Records supplied —
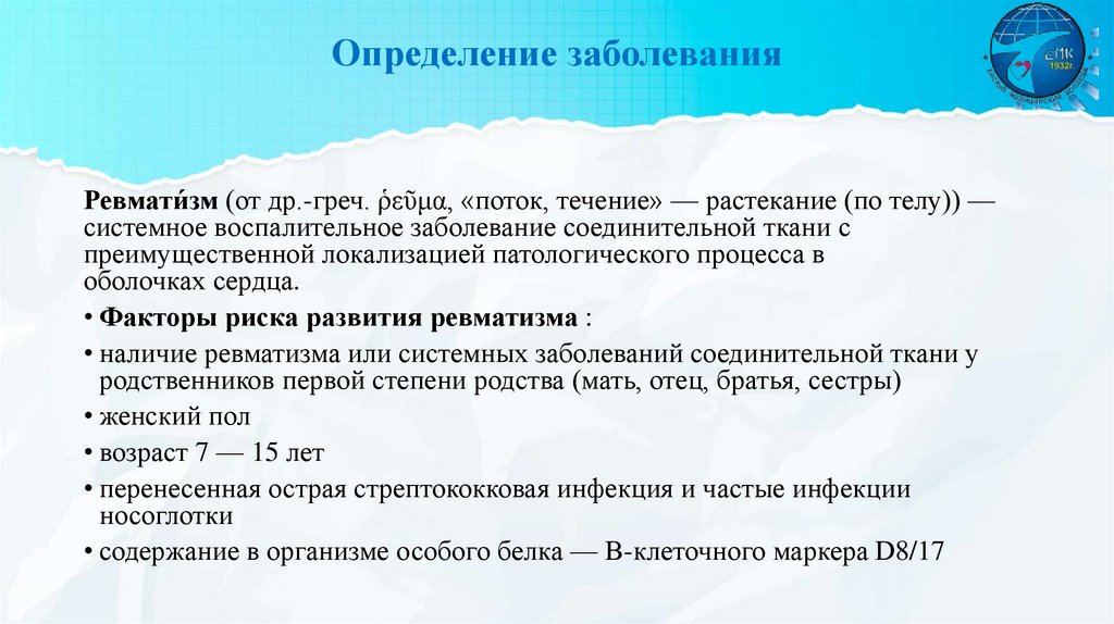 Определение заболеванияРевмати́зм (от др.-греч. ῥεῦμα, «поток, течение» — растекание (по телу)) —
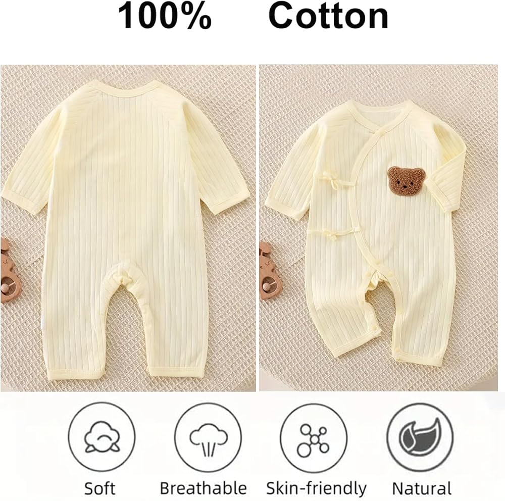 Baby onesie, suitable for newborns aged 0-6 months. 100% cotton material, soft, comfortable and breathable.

--

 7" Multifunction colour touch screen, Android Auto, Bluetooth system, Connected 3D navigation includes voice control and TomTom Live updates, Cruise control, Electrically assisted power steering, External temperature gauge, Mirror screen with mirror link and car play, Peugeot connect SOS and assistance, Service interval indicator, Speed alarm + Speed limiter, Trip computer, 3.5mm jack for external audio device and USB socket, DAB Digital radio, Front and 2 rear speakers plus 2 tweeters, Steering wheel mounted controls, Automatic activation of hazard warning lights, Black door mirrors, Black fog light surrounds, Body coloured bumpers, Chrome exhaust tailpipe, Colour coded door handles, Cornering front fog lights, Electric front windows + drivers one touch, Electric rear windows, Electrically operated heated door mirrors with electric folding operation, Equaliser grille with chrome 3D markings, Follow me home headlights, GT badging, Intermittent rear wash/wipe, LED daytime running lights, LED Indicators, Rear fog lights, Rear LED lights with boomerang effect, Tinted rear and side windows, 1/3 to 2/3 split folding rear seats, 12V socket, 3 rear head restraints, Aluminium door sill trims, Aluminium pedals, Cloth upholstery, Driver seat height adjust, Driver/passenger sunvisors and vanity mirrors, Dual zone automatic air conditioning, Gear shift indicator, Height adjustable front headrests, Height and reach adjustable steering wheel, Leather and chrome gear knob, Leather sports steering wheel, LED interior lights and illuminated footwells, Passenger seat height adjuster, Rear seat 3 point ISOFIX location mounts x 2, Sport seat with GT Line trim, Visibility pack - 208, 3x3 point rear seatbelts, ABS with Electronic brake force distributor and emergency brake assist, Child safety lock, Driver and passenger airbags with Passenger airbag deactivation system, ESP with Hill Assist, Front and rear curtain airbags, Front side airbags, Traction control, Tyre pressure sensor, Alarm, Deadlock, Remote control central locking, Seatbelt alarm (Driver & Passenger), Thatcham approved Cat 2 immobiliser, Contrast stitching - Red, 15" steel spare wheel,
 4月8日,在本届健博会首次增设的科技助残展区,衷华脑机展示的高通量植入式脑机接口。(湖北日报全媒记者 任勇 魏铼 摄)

Exercise instructions — Copy nothing but the lines above from the one with "Определение заболеванияРевмати́зм (от" to the one with "Baby onesie, suitable", inclusive, word for word. Leave every picture out.

Exercise solution —
 Определение заболеванияРевмати́зм (от др.-греч. ῥεῦμα, «поток, течение» — растекание (по телу)) —
 Baby onesie, suitable for newborns aged 0-6 months. 100% cotton material, soft, comfortable and breathable.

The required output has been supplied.